[Start of section]

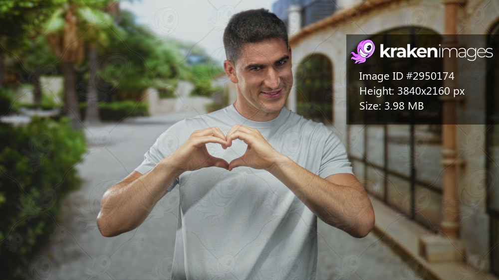 Man young hispanic forming heart with both hands at building facade outdoors on a tree lined street; affection connection.
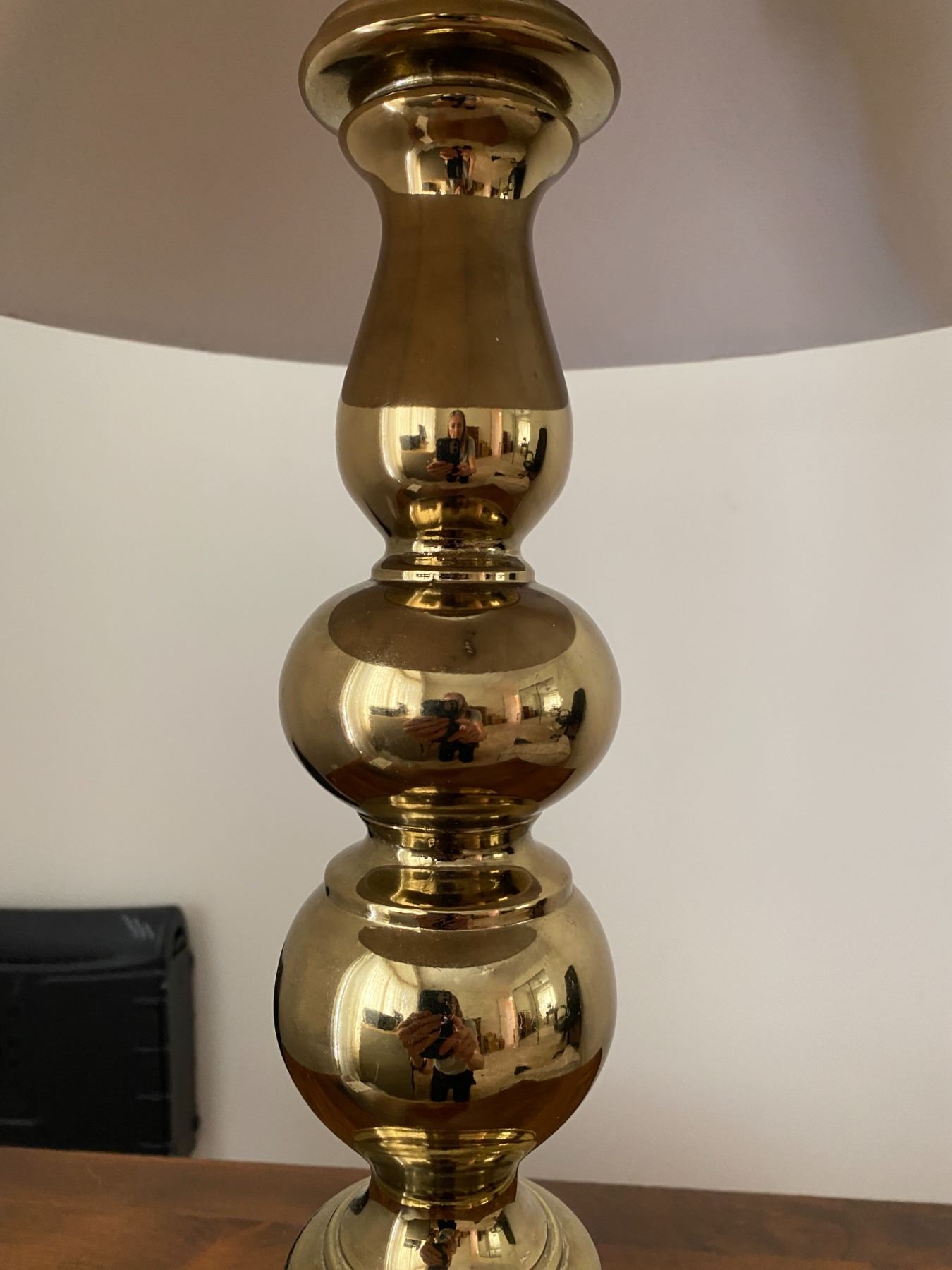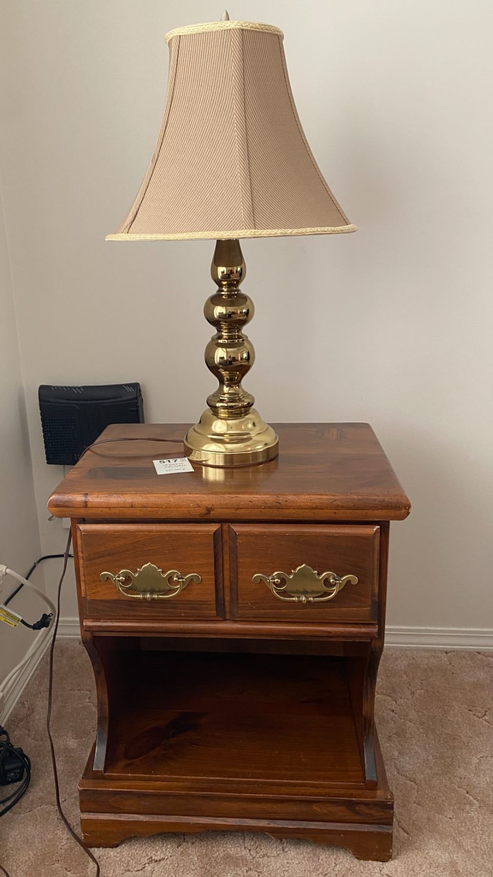 Side table and lamp - works. Table 19x14x24". Lamp is 25"H.
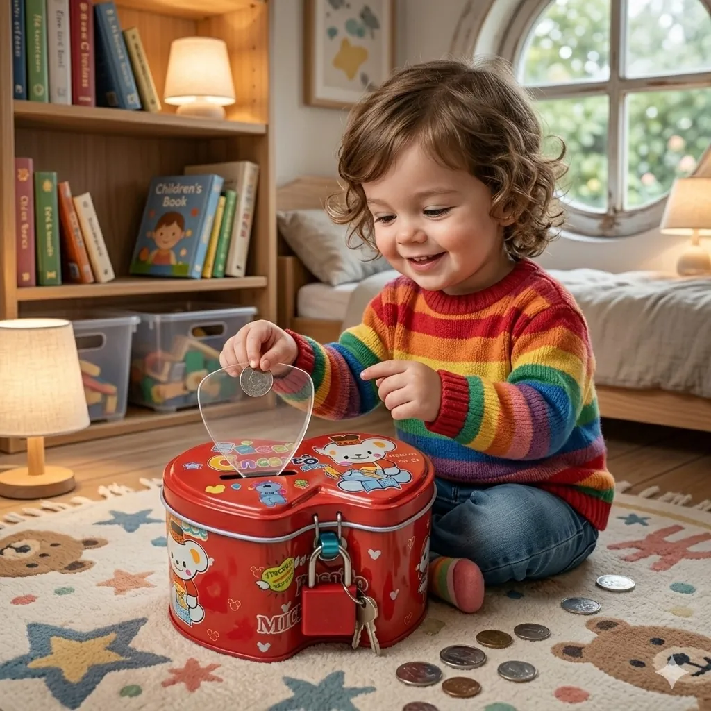 Set of 3 Heart-Shaped Metal Piggy Banks with Padlocks and Keys | Colorful Cartoon Tin Money Boxes for Kids’ Savings and Keepsakes
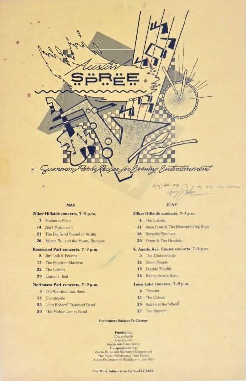 Laminated Austin SPREE Summer of 79 Concert Series Poster. Summer Parks Recipe for Evening Entertainment. Signed " To Ray the human! Guy Juke. 13 X 19.5 inches From Ray Benson's personal collection.
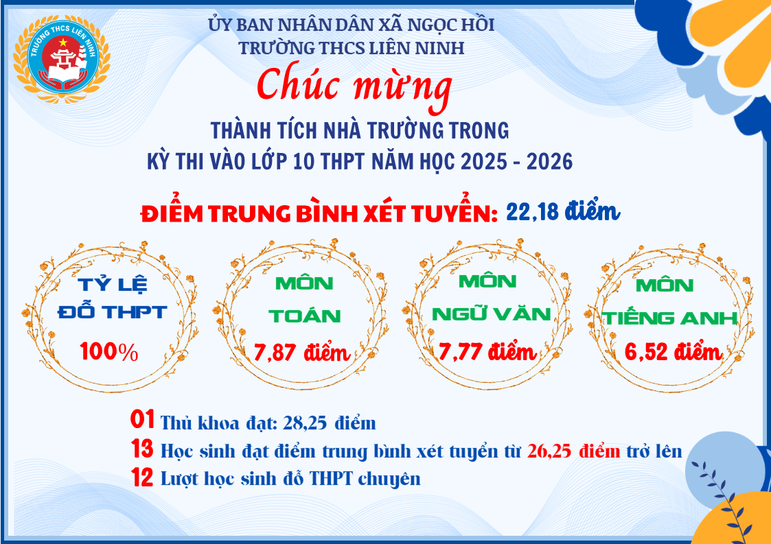 💪 Nhưng bằng sự nỗ lực, chủ động và đoàn kết, thầy trò THCS Liên Ninh đã vững vàng vượt khó và đạt thành tích rực rỡ trong kỳ thi vào 10:
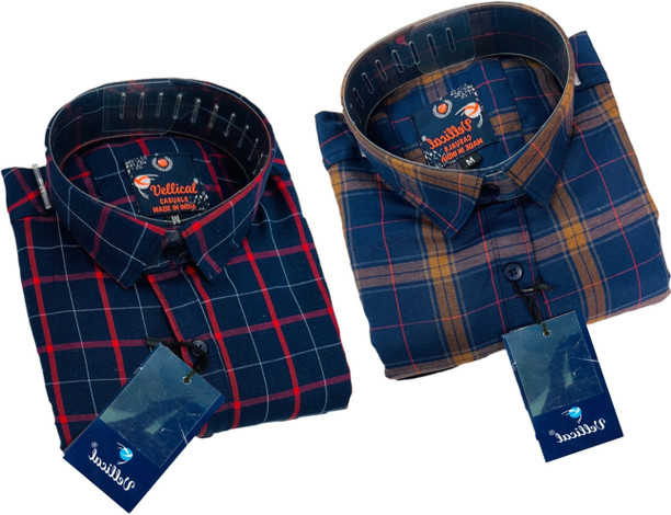 Men Regular Fit Checkered Slim Collar Casual Shirt
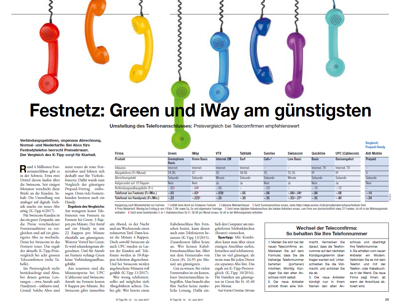 - 06/2017 K-Tipp - Günstigstes Festnetzangebot der Schweiz
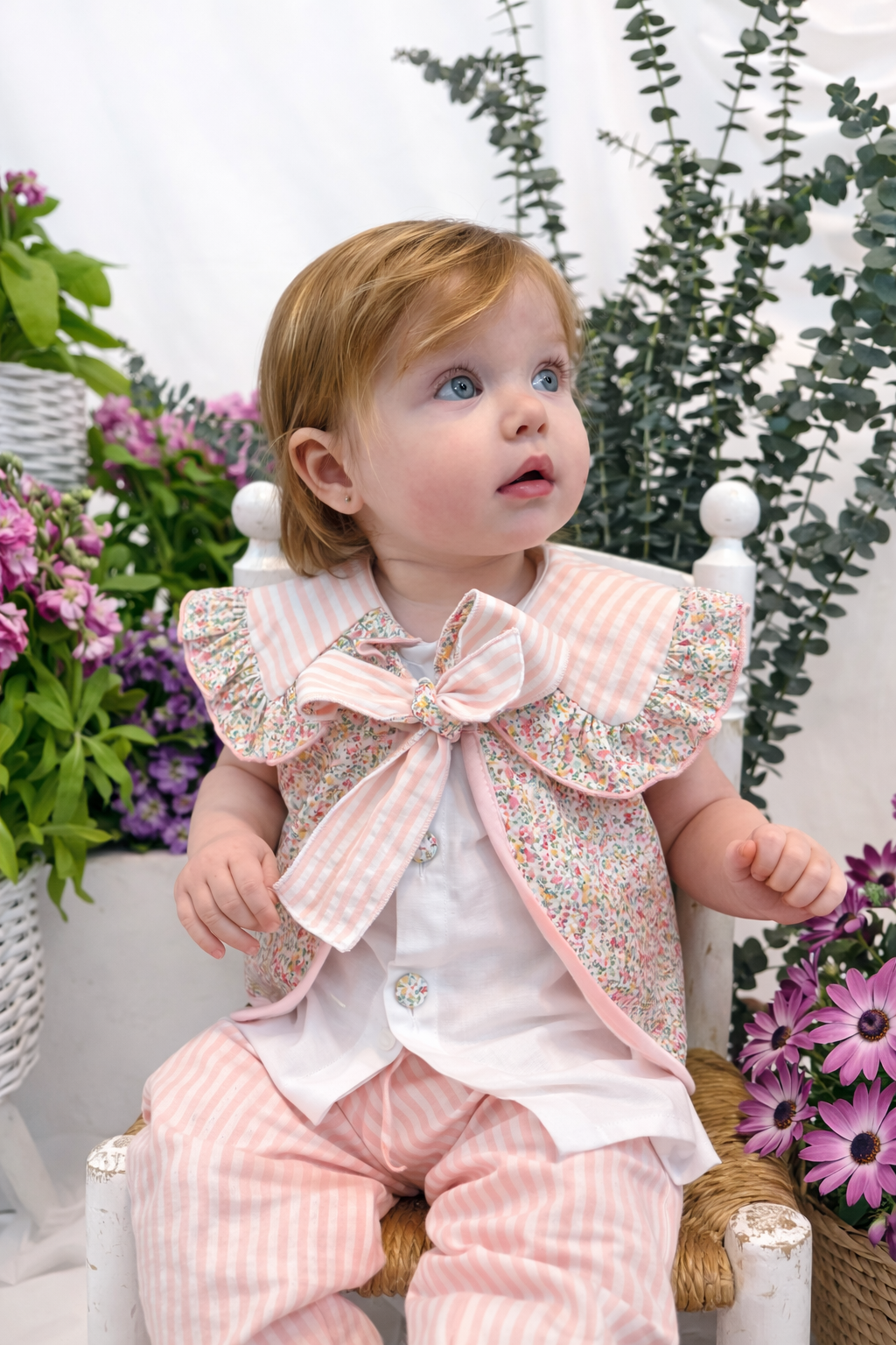 Blusa Begur en batista blanca con cuello maxi combinado en rayas y liberty, los botones van forrados en el mismo tejido haciéndola todavía más especial.

[End of section]

## Task prompt
Only the pictures are to be dropped; return everything else in the listing exactly.

## Task solution
 Man young hispanic forming heart with both hands at building facade outdoors on a tree lined street; affection connection.
 Side table and lamp - works. Table 19x14x24". Lamp is 25"H.
 Set of 3 Heart-Shaped Metal Piggy Banks with Padlocks and Keys | Colorful Cartoon Tin Money Boxes for Kids’ Savings and Keepsakes
 Laminated Austin SPREE Summer of 79 Concert Series Poster. Summer Parks Recipe for Evening Entertainment. Signed " To Ray the human! Guy Juke. 13 X 19.5 inches From Ray Benson's personal collection.
 💪 Nhưng bằng sự nỗ lực, chủ động và đoàn kết, thầy trò THCS Liên Ninh đã vững vàng vượt khó và đạt thành tích rực rỡ trong kỳ thi vào 10:
 Men Regular Fit Checkered Slim Collar Casual Shirt
 - 06/2017 K-Tipp - Günstigstes Festnetzangebot der Schweiz
 Blusa Begur en batista blanca con cuello maxi combinado en rayas y liberty, los botones van forrados en el mismo tejido haciéndola todavía más especial.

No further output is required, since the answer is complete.